Paranormal vs. Supernatural: What’s the Diff?

Copyright 2009 by Gary L. Pullman

Sometimes, in demonstrating how to brainstorm about an essay topic, selecting horror movies, I ask students to name the titles of as many such movies as spring to mind (seldom a difficult feat for them, as the genre remains quite popular among young adults). Then, I ask them to identify the monster, or threat--the antagonist, to use the proper terminology--that appears in each of the films they have named. Again, this is usually a quick and easy task. Finally, I ask them to group the films’ adversaries into one of three possible categories: natural, paranormal, or supernatural. This is where the fun begins.

It’s a simple enough matter, usually, to identify the threats which fall under the “natural” label, especially after I supply my students with the scientific definition of “nature”: everything that exists as either matter or energy (which are, of course, the same thing, in different forms--in other words, the universe itself. The supernatural is anything which falls outside, or is beyond, the universe: God, angels, demons, and the like, if they exist. Mad scientists, mutant cannibals (and just plain cannibals), serial killers, and such are examples of natural threats. So far, so simple.

What about borderline creatures, though? Are vampires, werewolves, and zombies, for example, natural or supernatural? And what about Freddy Krueger? In fact, what does the word “paranormal” mean, anyway? If the universe is nature and anything outside or beyond the universe is supernatural, where does the paranormal fit into the scheme of things?

According to the Online Etymology Dictionary, the word “paranormal,” formed of the prefix “para,” meaning alongside, and “normal,” meaning “conforming to common standards, usual,” was coined in 1920. The American Heritage Dictionary defines “paranormal” to mean “beyond the range of normal experience or scientific explanation.” In other words, the paranormal is not supernatural--it is not outside or beyond the universe; it is natural, but, at the present, at least, inexplicable, which is to say that science cannot yet explain its nature. The same dictionary offers, as examples of paranormal phenomena, telepathy and “a medium’s paranormal powers.”

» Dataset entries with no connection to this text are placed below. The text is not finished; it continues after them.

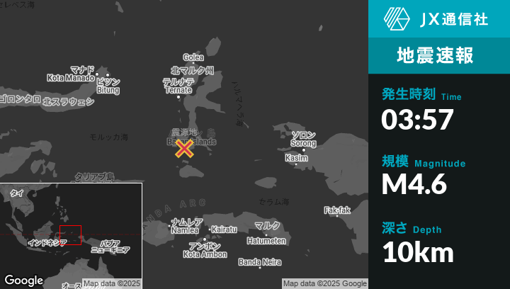 | 震源地 | インドネシアのLabuhaから南東11kmの地点 |
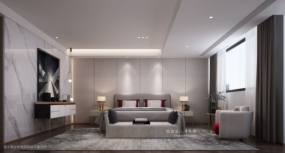 选择床头柜的时候,首先考虑卧室的面积。房间面积较小的情况下,建议只放一个床头柜,选择设计感强的床头柜,这样可以减少它的单调性。面积比较大且收纳需求高的情况下,建议选择两个床头柜。
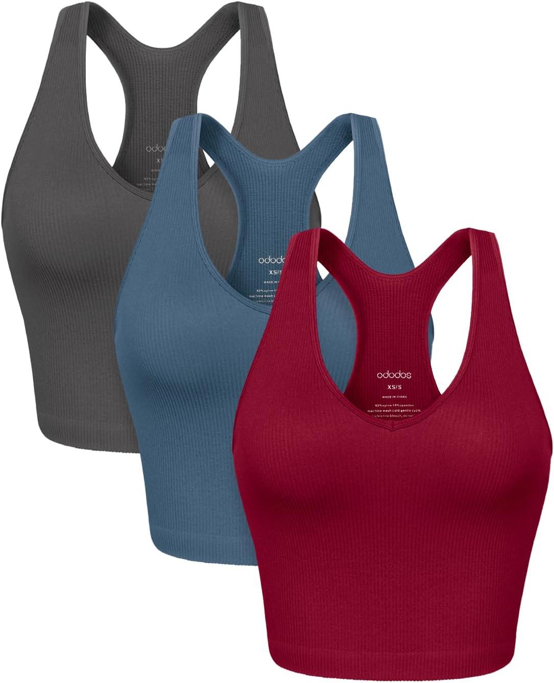 Get up to 70% off on ODODOS 3-Pack Seamless Racerback Crop Tank for Women Ribbed Knit Soft Crop Tops(Charcoal+ocean+red) styles during our end-of-season clearance event.

Wikipedia offers a few other examples of such phenomena or of paranormal sciences, including the percentages of the American population which, according to a Gallup poll, believes in each phenomenon, shown here in parentheses: psychic or spiritual healing (54), extrasensory perception (ESP) (50), ghosts (42), demons (41), extraterrestrials (33), clairvoyance and prophecy (32), communication with the dead (28), astrology (28), witchcraft (26), reincarnation (25), and channeling (15); 36 percent believe in telepathy.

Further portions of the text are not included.